For root causes, we find that inconsistencies are popular, and for symptoms, crashes and build failures are popular among the components. From the perspective of components, we find that kernel has strong correlation with functional errors and corner cases, which indicates semantic bugs are dominant in this component. Meanwhile, we find that API has strong correlation with root causes related to tensor computations such as dimension mismatches and type confusions. For library and tool, their symptoms have strong correlations with build failures, and their root causes have strong correlations with inconsistences. The above observations lead to a finding:

Finding 5. Crashes and build failures are popular symptoms, and inconsistencies are a popular root cause among components. For those most buggy components, we find that kernel contains many sematic bugs, and API contains root causes related to tensor computations such as dimension mismatches and type confusions. In the related components such as library and tool, build failures are popular, and most bugs are caused by inconsistencies.

3.3 Threat to validity

The internal threats to validity include the possible errors of our manual inspection. To reduce the threat, we ask two students to inspect our bugs. When they encounter controversial cases, they discuss them with others on our group meeting, until they reach an agreement. The threat can be mitigated with more researchers, so we release our inspection results on our website. The internal threats to external validity include our subject, since we analyzed the bugs inside only TensorFlow. Although our analyzed bugs are comparable with the prior studies and other studies (e.g. [54]) also analyzed only TensorFlow bugs, they are limited. The threat can be reduced by analyzing more libraries in future.

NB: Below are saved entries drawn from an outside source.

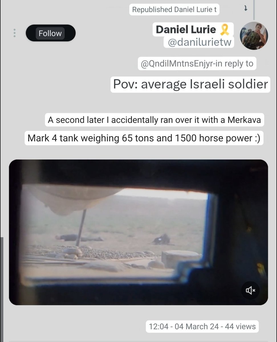 🧵Israeli soldier/reservist Daniel Lurie, 22yo according to his bio, tweeted a short video featuring a dead body of a Palestinian seen through a tank's window and wrote: "A second later I accidentally ran over him with a Merkava Mark 4 tank weighing 65 tons, 1500 horse power :) "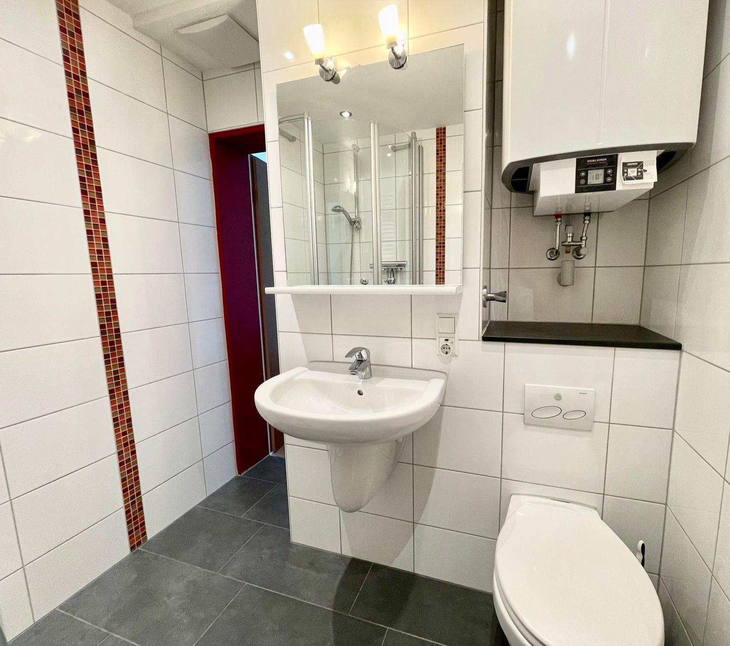 Das Bad mit Dusche/WC ist für den alltäglichen Gebrauch geeignet.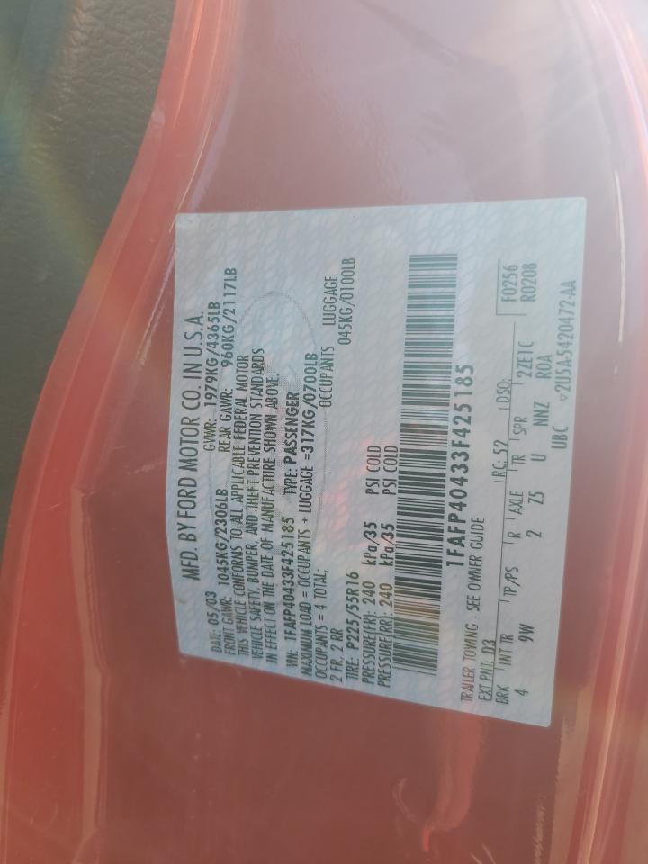 - ВИН: 1FAFP40433F******

4 The Significance of Our Findings

Improving the quality of deep learning libraries. For every root cause of TensorFlow bug, we find several major symptoms occupy a large proportion (Finding 1), and the correlations between root cause and symptom can also suggest possible links (Finding 3), which can help developers to diagnose the cause of a bug according to its symptom. Since TensorFlow bug characteristics show strong similarity to traditional software (Finding 2), the experience and tools of bug repairing in other software can also be transferred to TensorFlow.

Since the proportion of bugs in different component varies obviously (Finding 4), developers should pay more attention to safety check and test case design, when adding new features or making modifications to bug-prone components.

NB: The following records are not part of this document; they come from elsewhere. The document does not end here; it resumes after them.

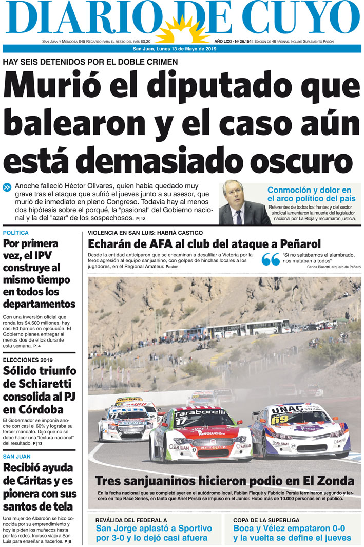 Diario de Cuyo | HOME | Noticias | Tapa Edición Tapa Edición 13 de Mayo 2019 Por Redacción Diario de Cuyo 12/05/2019 · 0:00 Escuchar la noticia Escuchar la noticia Your browser doesn’t support HTML5 audio Tapa Edición Ver los comentarios ›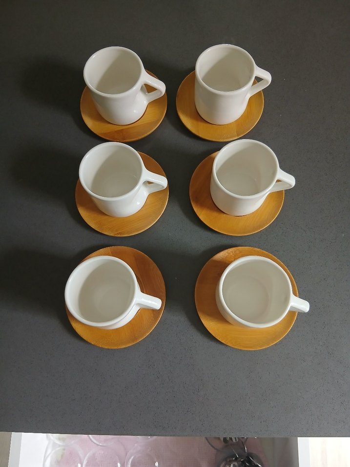 Bambum Beyaz Seramik Fincan ve Ahşap Altlık Seti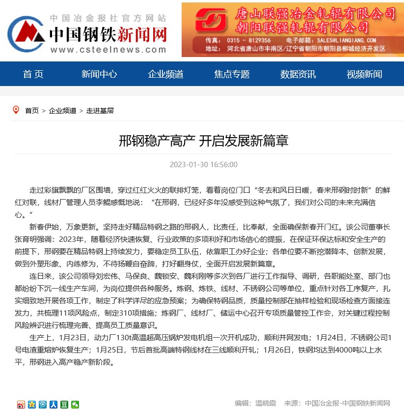 生產(chǎn)上,1月23日,動力廠130t高溫超高壓鍋爐發(fā)電機組一次開機成功,順利并網(wǎng)發(fā)電;1月24日,不銹鋼公司1號電渣重熔爐恢復(fù)生產(chǎn);1月25日,節(jié)后首批高端特鋼線材在三線順利開軋;1月26日,鐵鋼均達到4000噸以上水平,邢鋼進入高產(chǎn)穩(wěn)產(chǎn)新階段。
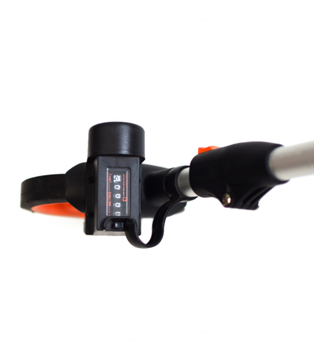 Przycisk kasujący umożliwiający zerowanie licznika znajduję się obok licznika, a hamulec ustalający wartość odległości zamontowany jest przy rękojeści.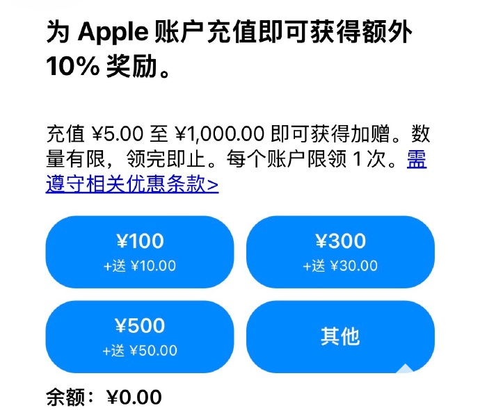 2026年2月14日消息,苹果App Store中国大陆地区上线账户限时充值加赠优惠活动,用户为Apple ID充值可享10%额外金额奖励,最高充1000元送100元,活动限量40万次。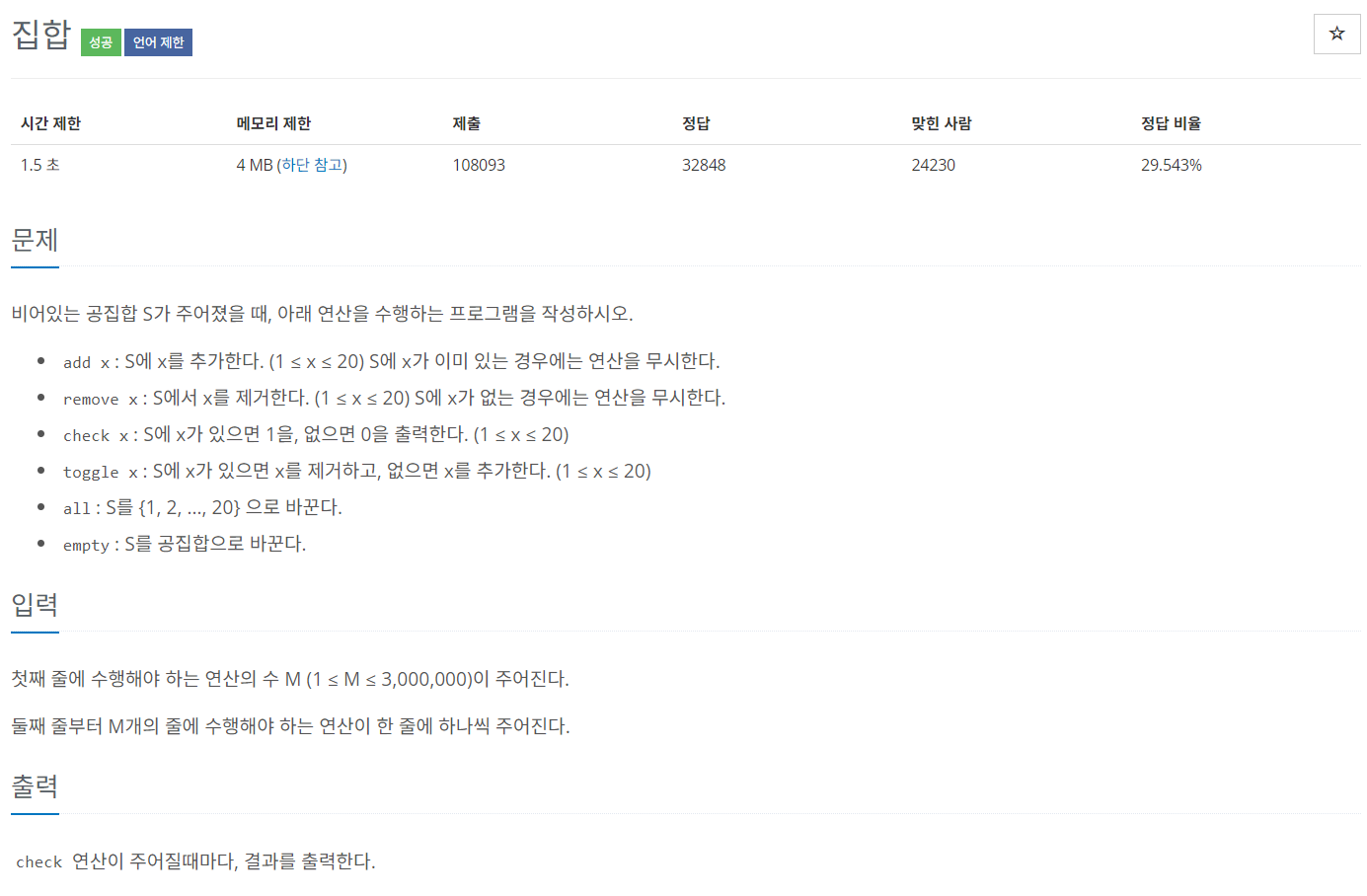 [백준/C++] 11723번 집합 - (1) (배열 사이즈, deque 사이즈 변동) 본문
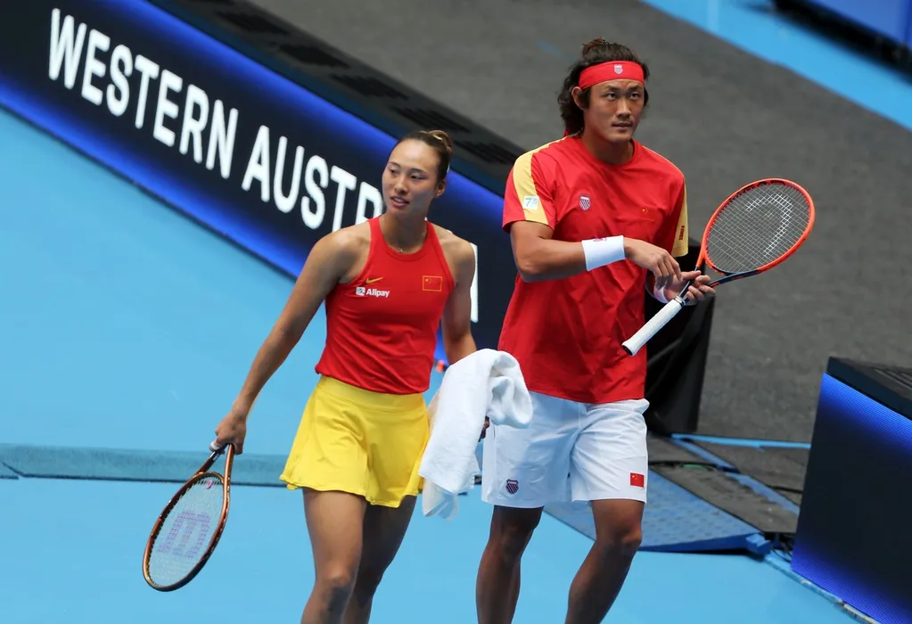 PERTH, Dec. 30, 2023 -- Zheng Qinwen(L)/Zhang Zhizhen of China take a break during the mixed doubles match against Marketa Vondrousova/Jiri Lehecka of the Czech Republic at the 2024 United Cup group E match between China and the Czech Republic, in Perth, Australia, on Dec. 30, 2023.,Image: 833258859, License: Rights-managed, Restrictions: , Model Release: no
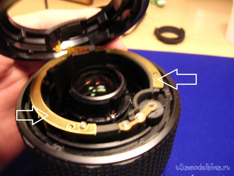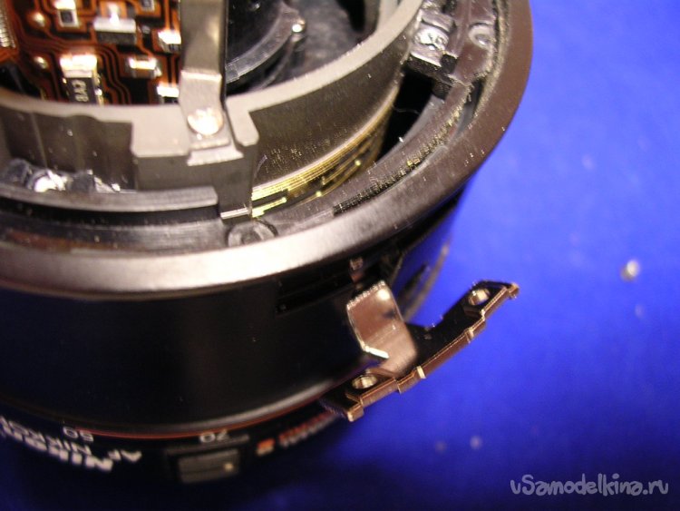 Кольцо защиты снято. Контактную группу нет нужды полностью снимать, она остается висеть на шлейфе. Это не лень, разумный рационализм. Только ворочать объектив нужно аккуратно, не порвать шлейфы.

Moreover, as the integration of libraries is common in deep learning software, the connection of different libraries should obtain higher priority in development. To overcome this problem, developing unified APIs can be helpful.

(13)

Combining the results of the prior studies. From two different perspectives of deep learning software, the prior studies [54,33] analyze the bugs of deep learning clients, but our study analyzes the bugs of deep learning libraries. The bugs inside deep learning libraries can have impacts on the bugs of their clients.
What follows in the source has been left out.